Abstract

AbstractThis chapter examines the role of enforcement for capital adequacy regulation in US banking and securities markets. Very little is known about how enforcement works: What broken rules are being enforced? By whom? How serious are the violations? How effective is enforcement, which presumably should discourage others from breaking important capital rules? The data are from enforcement actions over the last 6 to 10 years by US regulators, who are unique in publishing them. Even though the capital adequacy rules differ for banks and securities firms, the approaches to enforcing them overlap enough to allow rough comparison. This chapter finds a very low number of formal enforcement actions. Most target the small firms or individuals, not the big firms. Formal actions are particularly rare against the largest banks and securities firms, those that pose the greatest threat to the financial system. All but one of the capital adequacy violations resulted from fraud, theft, or other forms of operational risk. Only one resulted from credit risk.

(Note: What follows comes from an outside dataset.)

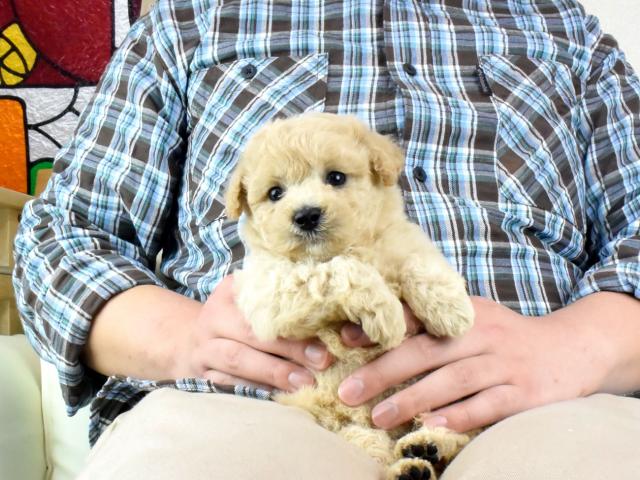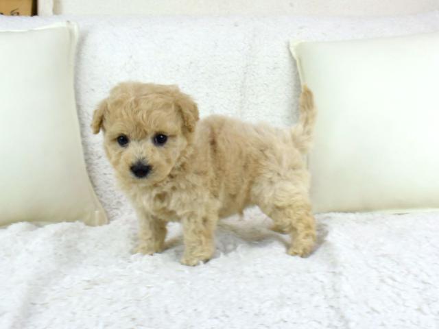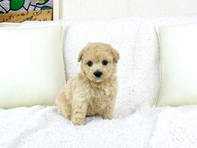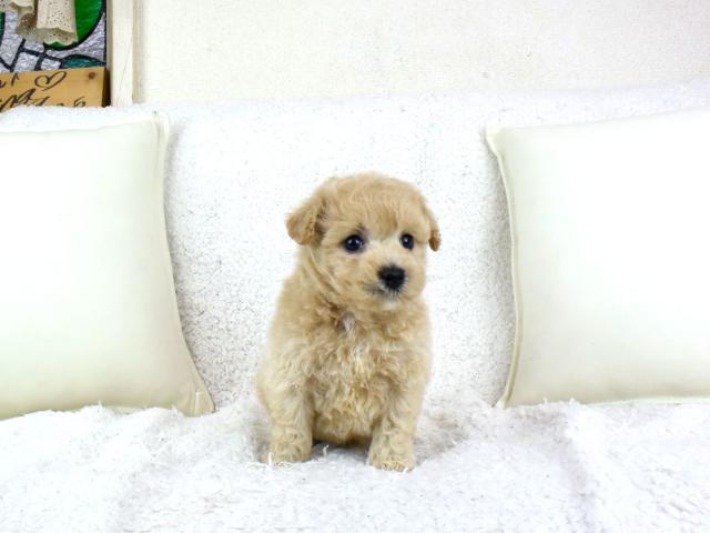 容姿もプードルのくるくるっとした可愛い毛並みと、マルチーズのまん丸お顔に大きなお目目をきっちり受け継いで、見た目も完璧な子犬です!

The chapter examines possible explanations of the findings, such as the relatively strong economy during much of the period and the possibility that very effective supervision catches almost all firms before their capital falls too low. Evidence from case studies of failed banks suggests that supervisors need to do a better job relating a bank's apparently adequate capital to its risk exposure, and to force banks to implement proposals regulators make to remedy deficiencies. Perhaps the very limited enforcement against large firms reflects a regulatory bias in their favor rather than their underlying strength and adequate capital.